Jimmy fumes. “Leprechauns? Alfred, if you’re a leprechaun, you’re the most grotesquely tall leprechaun that ever was.” 

He’s quite proud of himself for not saying something ruder. Alfred did go through his things, after all. But Carson’s been on his back about language all week.

“He’s got the right hair for it, though,” Daisy says thoughtfully, reaching across Jimmy to clear his place.

Jimmy shakes his head. “He’s not clever enough. Clearly, since he thought it a good idea to rifle through my intimate possessions.” 

“Intimate possessions?” Bates asks with a chuckle. “What a very serious accusation.” 

“I swear, I didn’t touch your things, alright? I’ve been fast asleep all night!” Alfred cries, distraught. 

“I did hear ‘im snoring,” Molesly offers.
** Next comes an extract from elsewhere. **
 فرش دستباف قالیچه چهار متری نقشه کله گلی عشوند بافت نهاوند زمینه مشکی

Both Jimmy and Alfred give him a glare.

Alfred turns back to Jimmy. “And, really, if I did sneak about your room at night, you would’ve heard me.”

“Not necessarily,” Jimmy mutters. “It’s been done before, and I didn’t hear a thing till it were too late.”
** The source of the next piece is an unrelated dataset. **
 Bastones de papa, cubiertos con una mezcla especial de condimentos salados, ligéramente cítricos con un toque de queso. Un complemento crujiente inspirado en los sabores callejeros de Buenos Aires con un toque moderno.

He sneaks a glance at Barrow, but the other man is reading his newspaper and not paying the slightest bit of attention. For some reason, this annoys Jimmy. When he shoots an arrow, he wants to be sure it hit its mark.
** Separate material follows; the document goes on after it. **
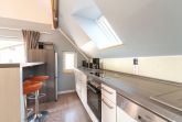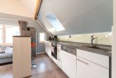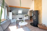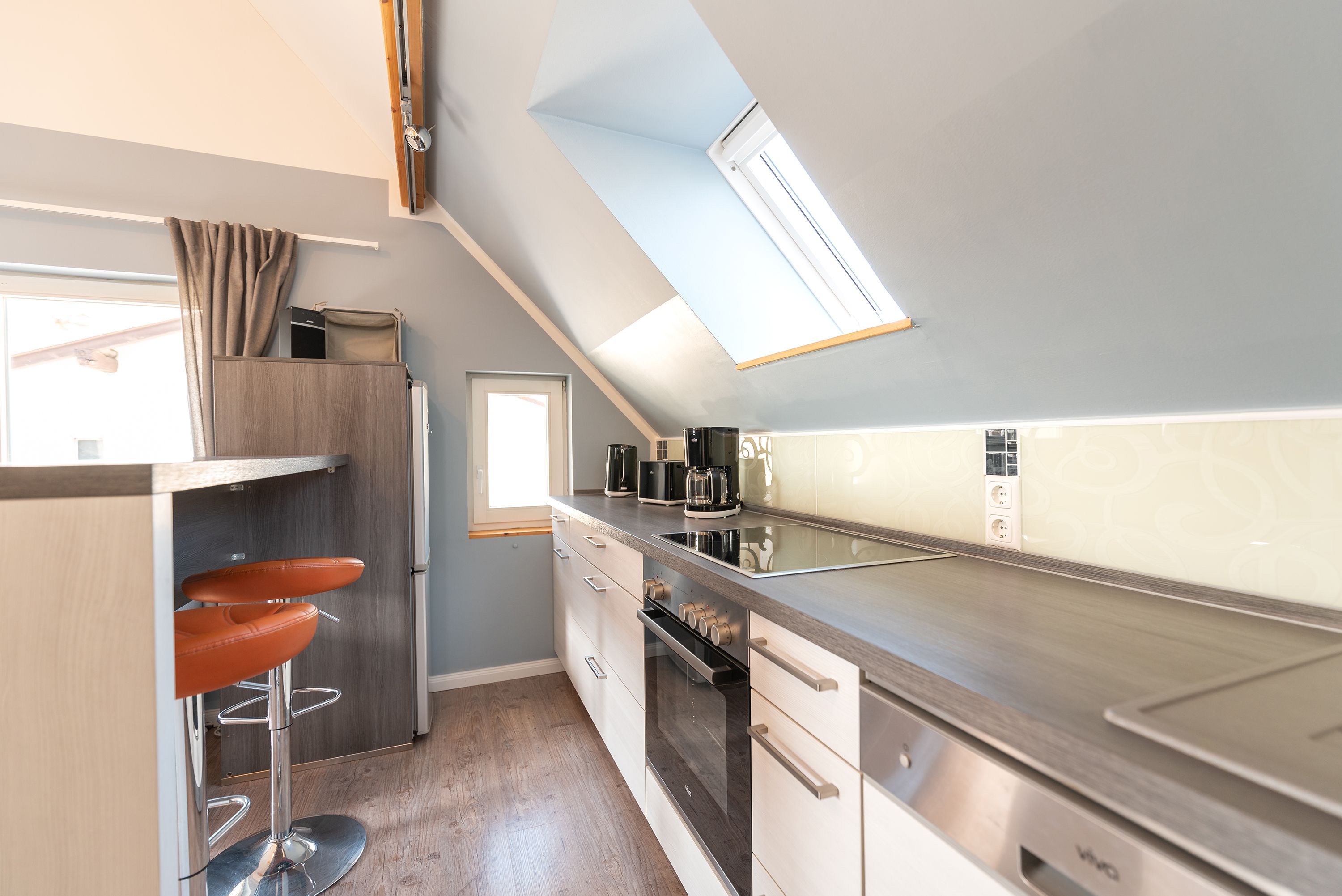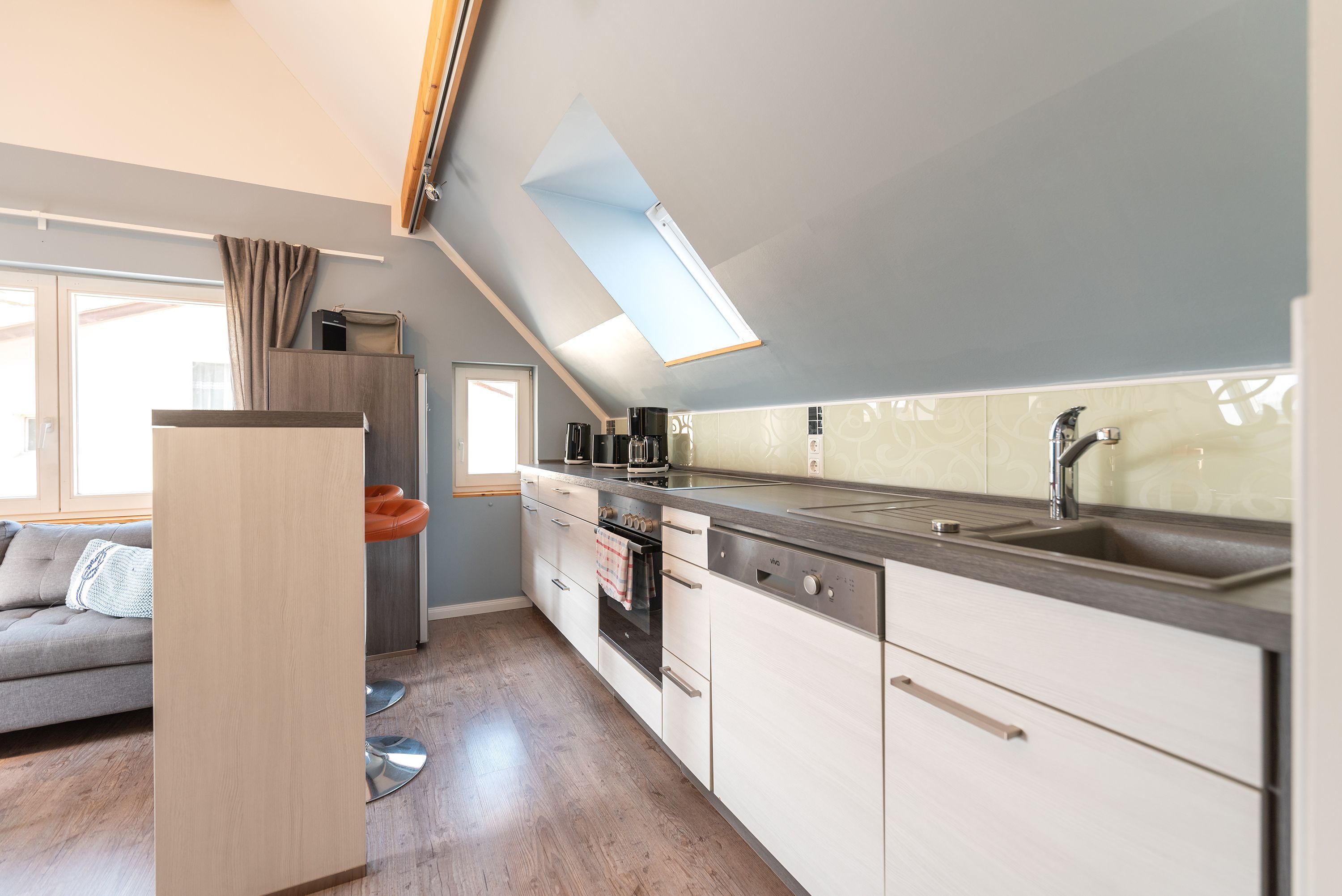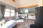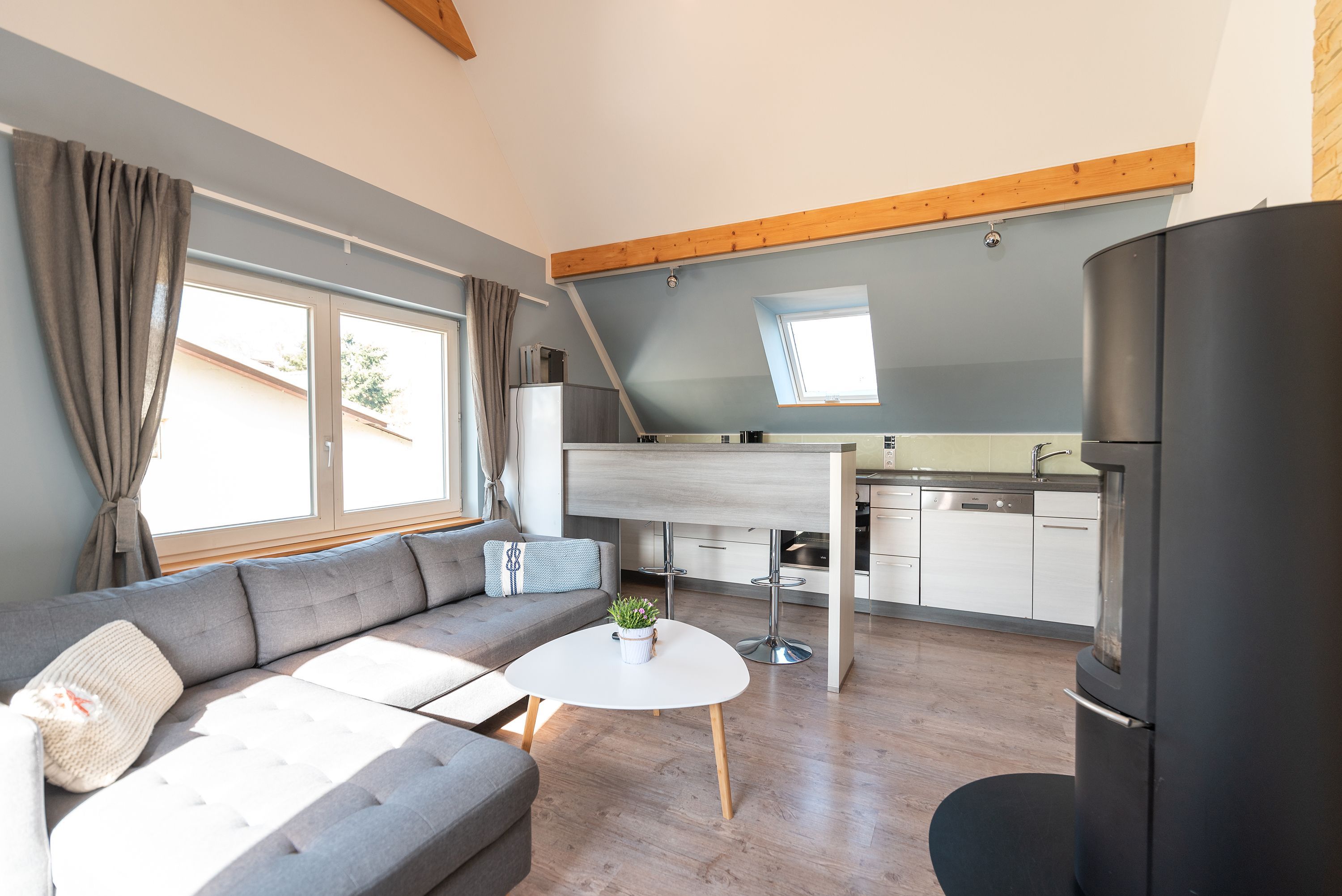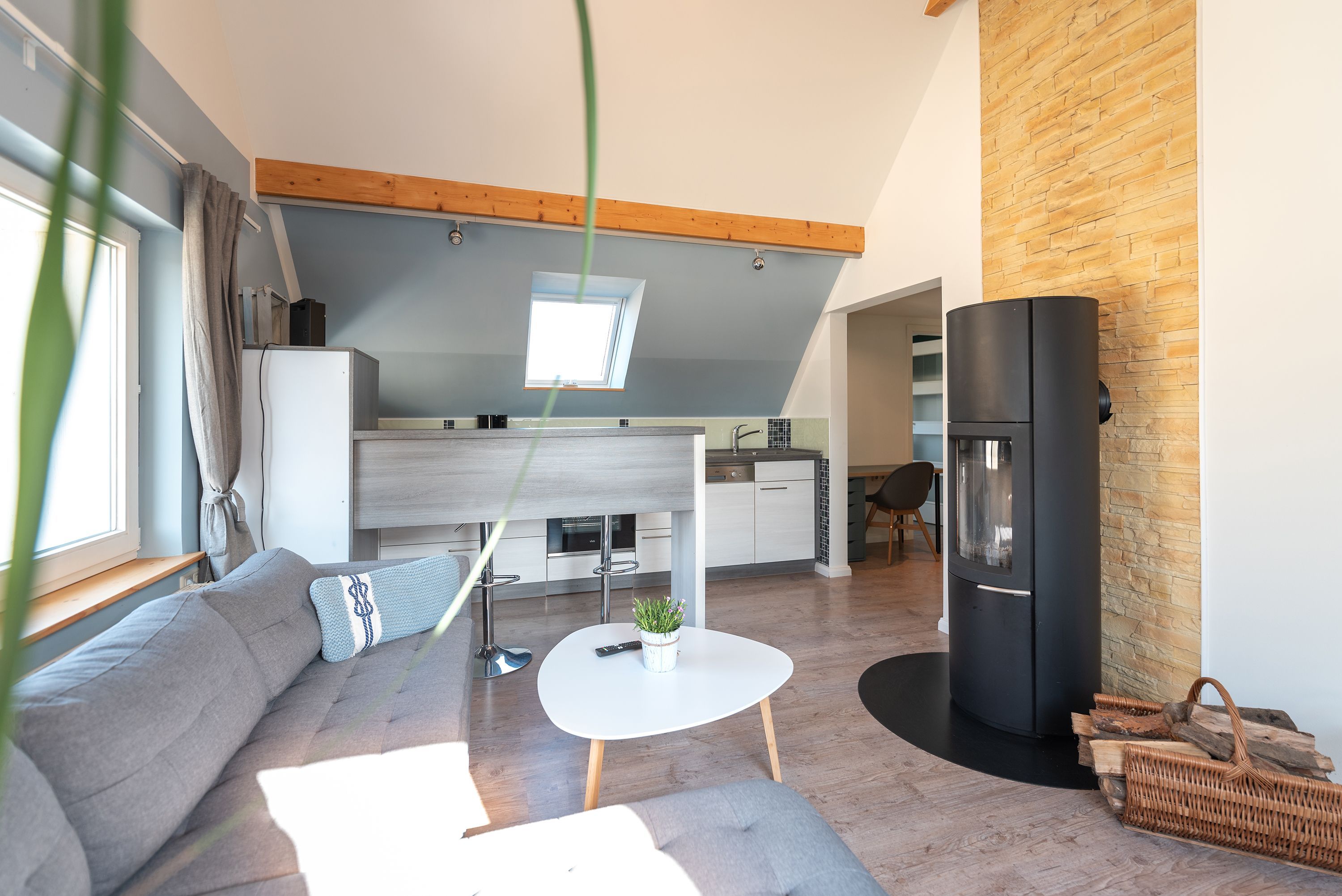 Im Wohnzimmer erwartet die Gäste eine komfortable Couch, die zum Entspannen und Verweilen einlädt. Ein moderner TV und ein Kamin ergänzen das Wohnambiente, schaffen eine warme und heimelige Atmosphäre, die besonders in den kühleren Monaten geschätzt wird. Die offene Küchenzeile, direkt angrenzend an das Wohnzimmer, ist mit allen notwendigen Geräten und Utensilien ausgestattet, die für die Selbstverpflegung benötigt werden. Hier lässt sich problemlos vom schnellen Frühstück bis zum aufwendigen Abendessen alles zubereiten.

“Well, it weren’t me.” Alfred says firmly. “Probably just the wind.”

“The wind opened a box underneath of my bed and got its contents stuck in my wall?” Jimmy asks.

Alfred shrugs, helpless.

Jimmy is seething. He despises the thought of people going through his things. And, of course, seeing how many photographs of Rudolph Valentino he possesses.

“Maybe you did it yourself,” Ivy offers, her cheeks coloring when Jimmy raises an eyebrow at her. “I mean,” She continues, “You could have sleepwalked. It’s a common condition.”

“I had a cousin who walked in her sleep,” Molesly offers. “Though, myself, I used to talk in my sleep, say odd things.”

“Like what?” Baxter asks, leaning forward, either with genuine interest or acting skill that has Jimmy jealous. With that, the conversation changes and Jimmy’s brooding is interrupted by laughter and the clanging of tableware.

When Carson leaves the room, everybody disperses except for Jimmy and Barrow. This is the perfect time for Jimmy to interrogate him about the box. He scoots down to the end of the table, hands underneath his thighs. Barrow hasn’t finished his newspaper quite yet, choosing a lazy start to the morning.

“So,” Jimmy clears his throat. “Mr. Barrow. I wanted to ask you a question.”

“I’m listening,” Barrow replies out of the corner of his mouth, eyes still fixed on the paper.

Jimmy frowns. “Have you ever… you know, walked about in your sleep?”

Barrow folds down his paper and stares Jimmy square in the face with a gaze that could wilt lilies.

“No. I sleep like the dead.”

Jimmy knows he’s lying. “You sure? Never even… let’s say, poked about someone else’s things? Whilst asleep?”

He’s pushing it, he can tell by the way Barrow’s brows narrow and he tilts his chin down. What an angular chin, too. Nothing Valentino could hold a flame to.

Where on earth did that thought come from?

“No.” Barrow says shortly. “And I didn’t come into anyone’s room last night, never mind yours.”

Jimmy sighs. “It was you. I would’ve woken up if it were Alfred. He breathes too loud.”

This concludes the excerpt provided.